# Canning jars



## icewolf (Apr 18, 2015)

I am putting in a larger garden this year and need to find a place to buy a bulk amount of wide mouth canning jars. In quart and pint size.


----------



## alterego (Jan 27, 2013)

Look on Craigslist first. Canning jars are expensive. My wife has bought cases from old women. Just make sure there are not chips in the glass at the lid seal.

Wide mouth jars go for 8 to 10 per dozen when on sale. The cheapest we seen last year was 7.99


----------



## Slippy (Nov 14, 2013)

Hey icewolf,
I've heard of a store that has many different things and is popular with many people all over this country. You may have heard of it or have one near you. I think its called Wal-Mart? (Just jacking with you icewolf! :joyous
Ball 12-Count Wide Mouth Quart Jars with Lids and Bands - Walmart.com


----------



## shootbrownelk (Jul 9, 2014)

Garage sales can be your friend. A lot of people get out of canning because of age, and because it's a lot of work. I've found plenty of them over the years. Just like Alterego said, check for chips on the jar rims by running your fingers around the edge, not at warp speed however!


----------



## kevincali (Nov 15, 2012)

Also check out thrift stores. Check for chips along the sealing edge (rim) and make SURE the bands/lids aren't rusty (if they come with them. No big deal if not, but better if they do)

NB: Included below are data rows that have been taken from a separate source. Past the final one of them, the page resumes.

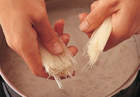 Bring a large pan of lightly salted water to the boil. Snap the noodles into short lengths, add to the pan and cook for 3–4 minutes. Drain, then rinse under cold water and drain again.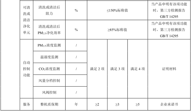 表 2 不带热回收功能新风净化系统评价指标要求(图:)
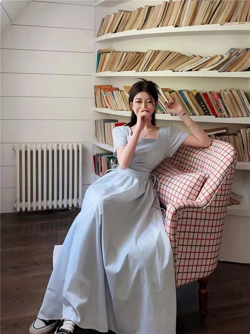 0 Review for Womens Long Hollowed-Out Patchwork Knitted Dress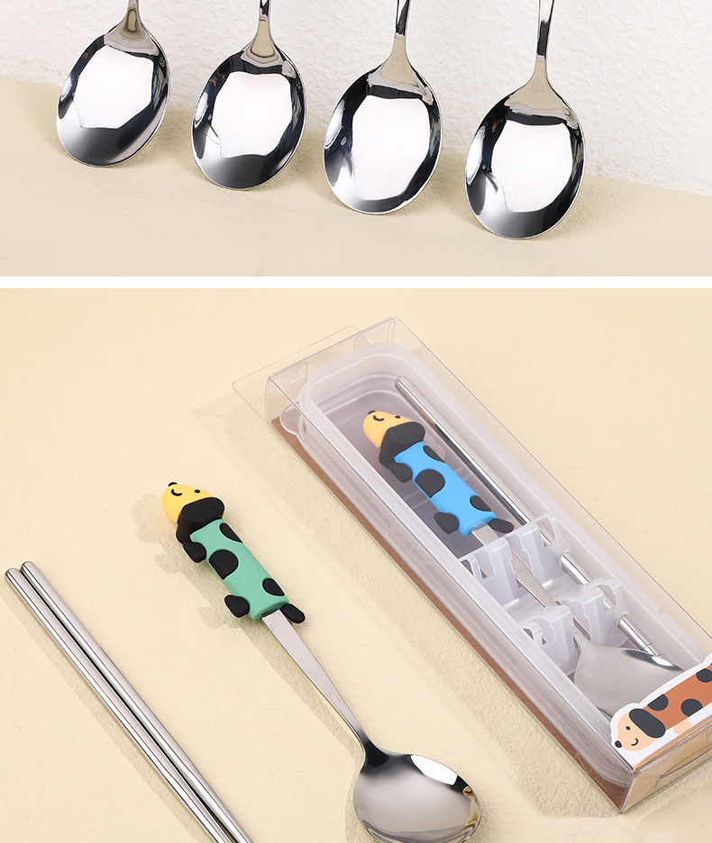 萌え趣味かわいい犬食器304ステンレススプーン箸食器セット携帯食器学生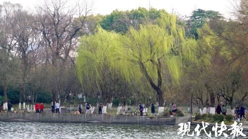 现代快报讯(记者 卢河燕/文 赵杰/摄)“柳条百尺拂银塘,且莫深青只浅黄。”3月16日,南京阳光回归,气温回升,暖阳照耀大地。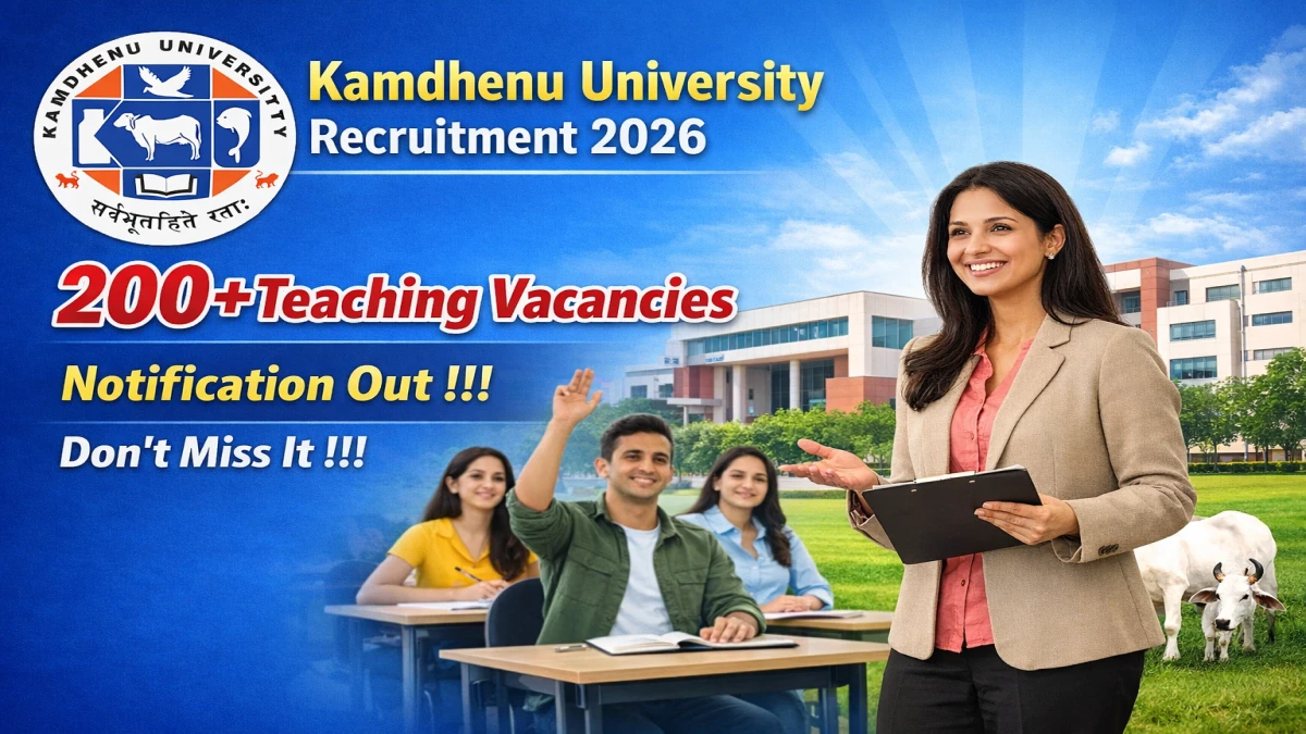 Kamdhenu University has released an official notification for the recruitment of 214 Teaching Posts. Interested and eligible candidates can apply Offline through the official Kamdhenu University website. The last date to submit the application form is 07-02-2026. In this article, you’ll find the Kamdhenu University Teaching Posts recruitment details, including eligibility criteria, age limit, salary structure, selection process, application steps, and direct links to the official notification and Offline application form.

I picked up about 100 bands and lids from the Salvation Army for about $5. A couple bands have rust but the rest look great. Lids I probably won't use, but I'll make jelly and use them on that. That way there won't a huge loss as I can go through jelly pretty damn quick!

I've also been known to buy at ace hardware. I get a $5 off card every once in a while, and normal price for jars in my area ace, is about $12.99. Brings the total to $8 and some change. Ralph's grocery store they're usually $18-$20!!!!

Definitely shop around.


----------



## jimb1972 (Nov 12, 2012)

I usually buy at Menards or Wal-Mart, don't forget if you are buying them used at garage sales to figure in the cost of the lids and bands if they are not included, the new $8-$10 ones at the stores come with them.


----------



## alterego (Jan 27, 2013)

A few years ago we seen a Craigslist add for canning jars for 50 cents a piece we drove to the woman's house about ten miles she was 80 plus and took us in the garage to show us her mason jars she wanted to sell. All blue and green. We gave them as presents to many people. There were several glass lids with zinc rings and a few brown ones. Check it out.


----------



## alterego (Jan 27, 2013)

She had dozens of the blue ones.


----------



## Broncosfan (Mar 2, 2014)

If your wanting new ones Menards is your best deal when they have them on sale about 3-4 times a year. Usually late May is the first sale. They beat Walmart by a couple dollars a case when on sale around $5 a case for pints. I have never had any luck buying used ones. I have seen them priced a lot higher than new ones so I don't waste my time. Also watch for Ball to put out coupons for lids and sometime jars. If I notice them on sale anytime soon I will post it.


----------